With marijuana reforms sweeping the US, cannabis investors and entrepreneurs are getting rich, while patients and stoners in dozens of US states legally enjoy all manner of tinctures, vape pens, edibles, and flowers. But there’s a cruel footnote to the story of legalization: The people who are still saddled with cannabis convictions. Prior convictions for possessing or selling the plant can still prevent people from landing jobs, renting apartments, or getting loans. What’s more, a disproportionate number of those affected with convictions are black and Latino.
Legalization measures in the US are often coupled with laws allowing people with convictions to petition to have them reduced (say, from a felony to a misdemeanor) or erased altogether. But the process, known as expungement, thus far has required a great deal of paperwork and access to legal assistance. Social justice organizations hold free expungement clinics where lawyers work pro-bono, but many of those affected by prior convictions may not even be aware they’re eligible to apply to have their records cleared.
Now the city of San Francisco and the non-profit organization Code for America have proven expungement can be vastly simplified.
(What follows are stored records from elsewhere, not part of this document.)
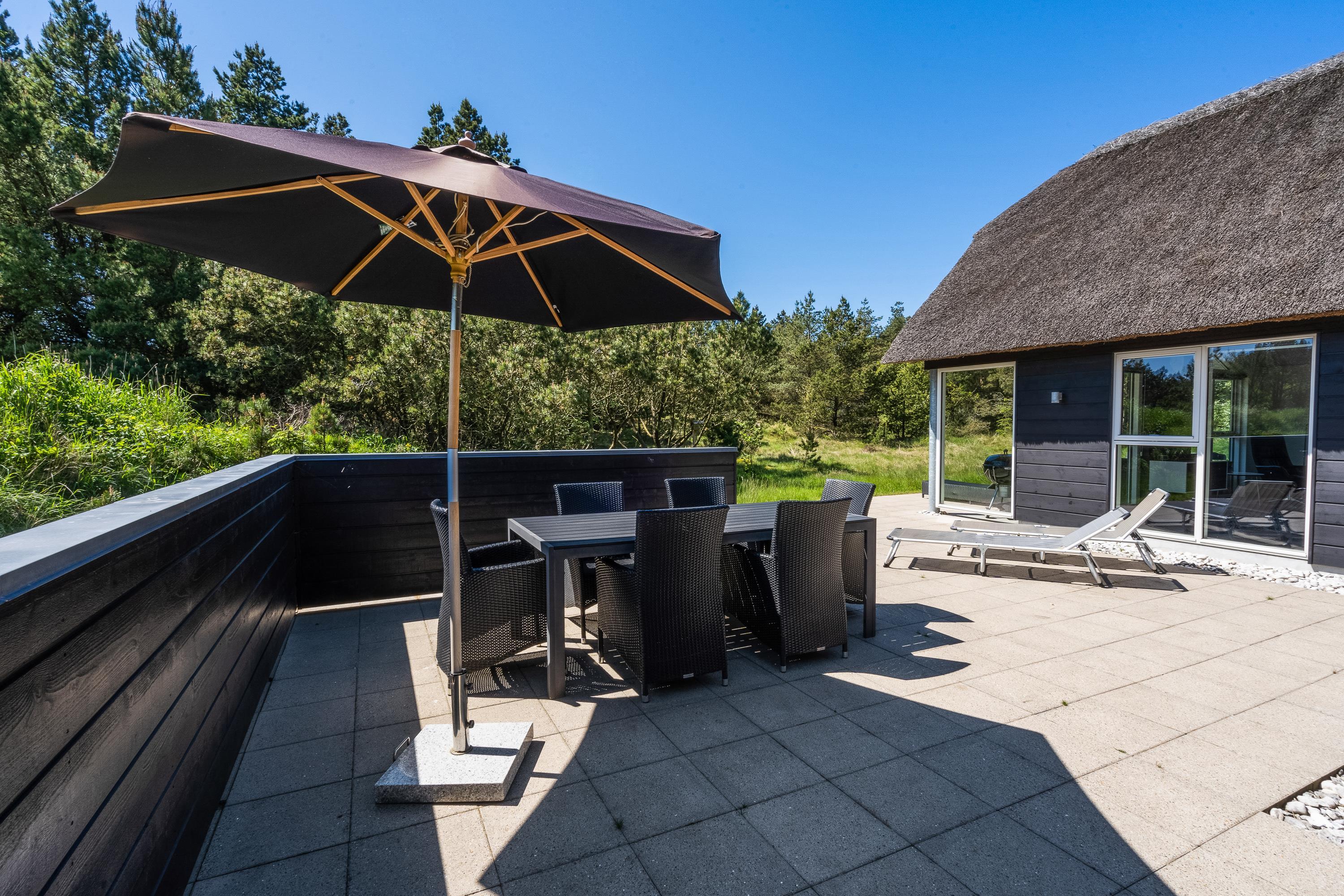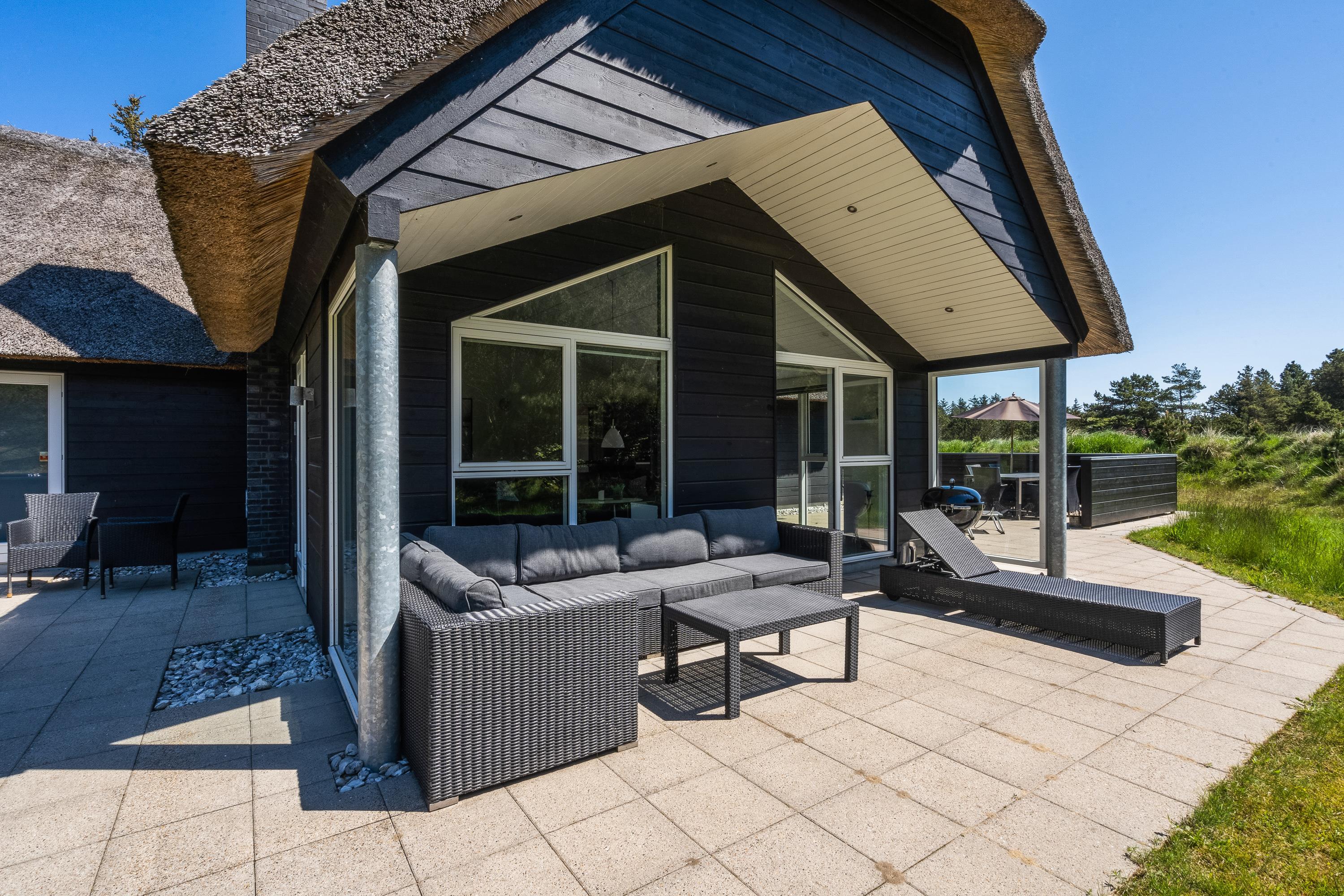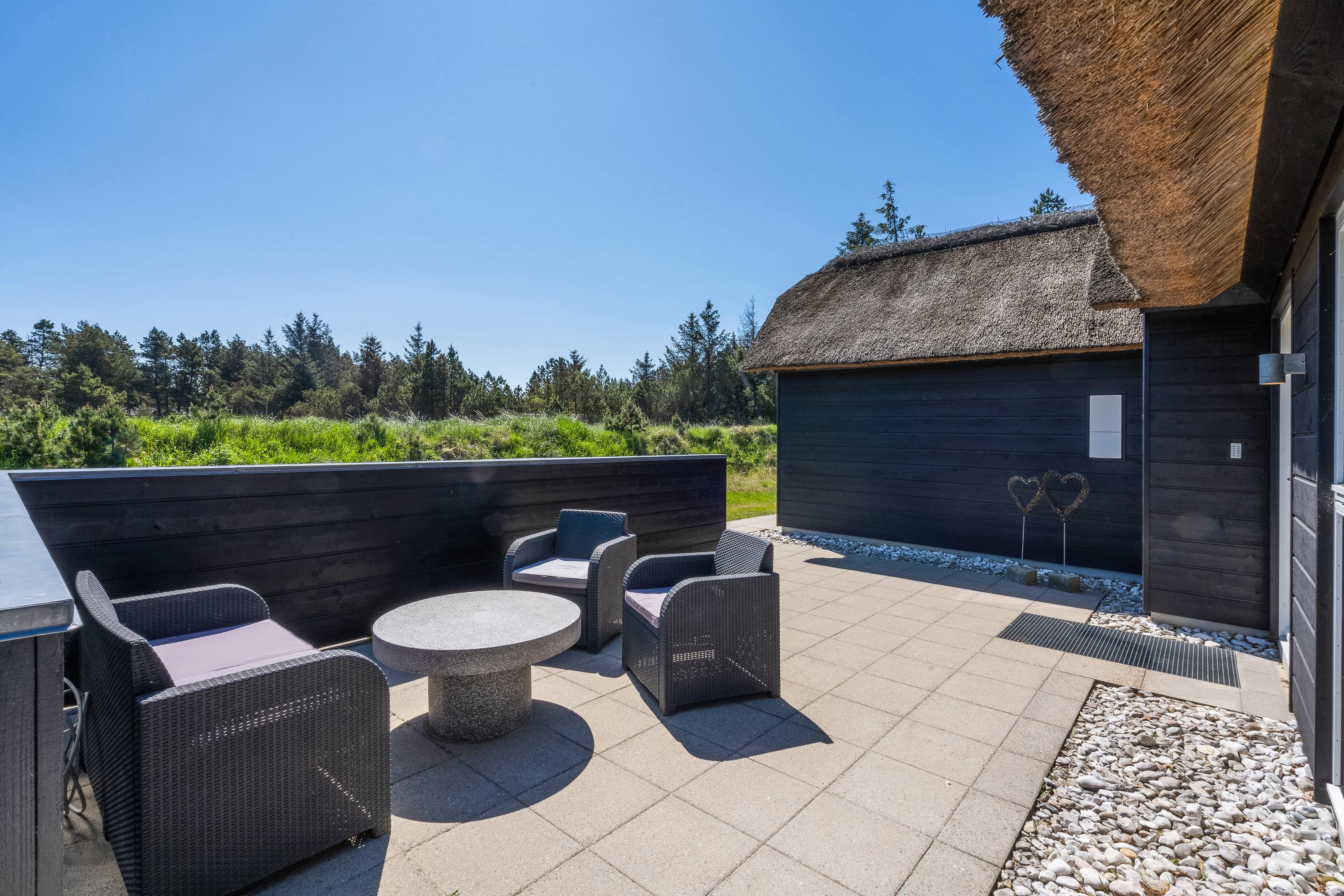 På solrige sommerdage er feriehusets skønne terrasse det mest foretrukne sted at opholde sig. Nyd morgenkaffen i den friske vesterhavsluft, snup en eftermiddagslur i loungesofaen eller indtag aftensmaden frisk fra grillen med fuglefløjt i baggrunden. Uanset tidspunktet er der altid et sted på terrassen, hvor I kan opholde jer. Terrassen er udstyret med gode komfortable havemøbler, liggestole og grill.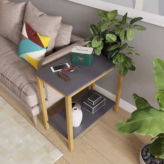 Side Tables: Storage Shelf for Living Room Balcony Family and Office in Grey Color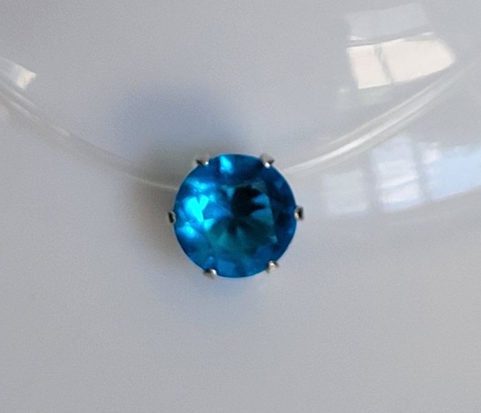 ras de cou fil transparent collier fil souple transparent strass bleu. Longueur du fil : 40 cms. ( + 4 cms de chainette ajustable)Diametre du strass: 0,8 cms . N'hésitez pas à regarder mes autres ventes. ( beaucoup de modeles disponible). Envoi rapide et soigné.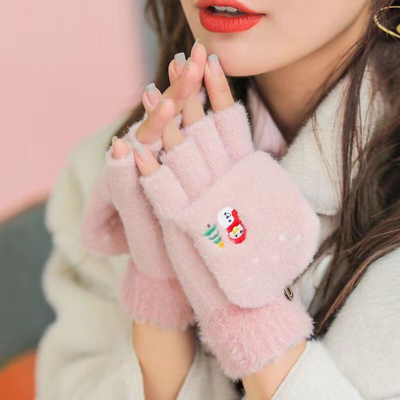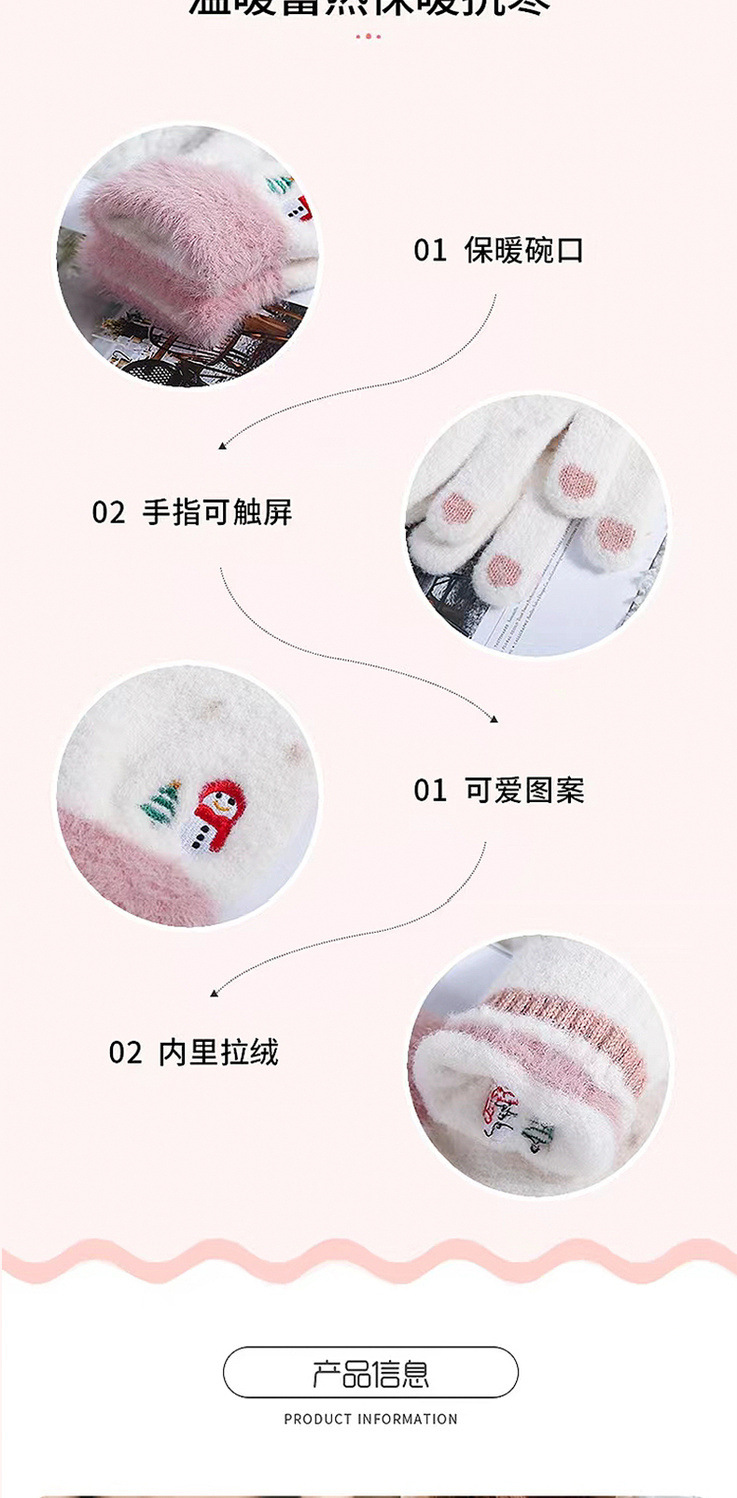 • 플립-숙녀 눈사람 니트 장갑 "핑크 1 쌍]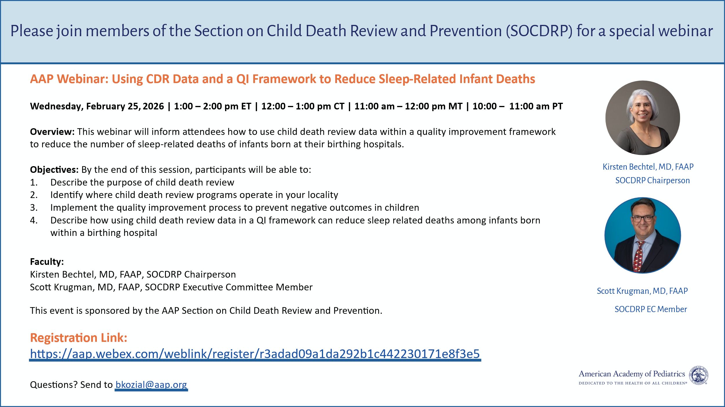 This event is sponsored by the AAP Section on Child Death Review and Prevention. It will be recorded and posted for later viewing.

On Monday (Feb. 25), San Francisco district attorney George Gascón announced that officials will reduce or erase more than 8,000 cannabis convictions that were automatically identified with an algorithm developed by Code for America for its program, called Clear My Record.
With all due respect for the software engineers who created the program, “it’s just not rocket science,” said Code for America founder and director Jennifer Pahlka. “Ninety-nine percent of the work is human, bureaucratic, changing people’s minds about how things should be done.”
Once coders can access the data in bulk, she said, the algorithm itself is a basic one.
The San Francisco DA’s office announced its partnership with Code for America in May of 2018, and this week Gascón told the San Francisco Chronicle the work of identifying eligible expungement cases was completed under budget and ahead of schedule—a rare bureaucratic victory in California cannabis, which has been notoriously mired in red tape.
Pahlka said Code for America is already working with four other counties in a pilot program for Clear My Record, and will then publish a “blueprint” to allow counties nationwide to take advantage of their learnings. (In the meantime, Clear My Record also has an online interface to help individuals through the process, connecting them to legal help, walking them through the filing steps, and nudging them to completion with text messages.)
“Our goal is to convince the world that government can do these things at scale,” she said. “It’s not that hard. We just have to think differently about process, about technology, and about justice.”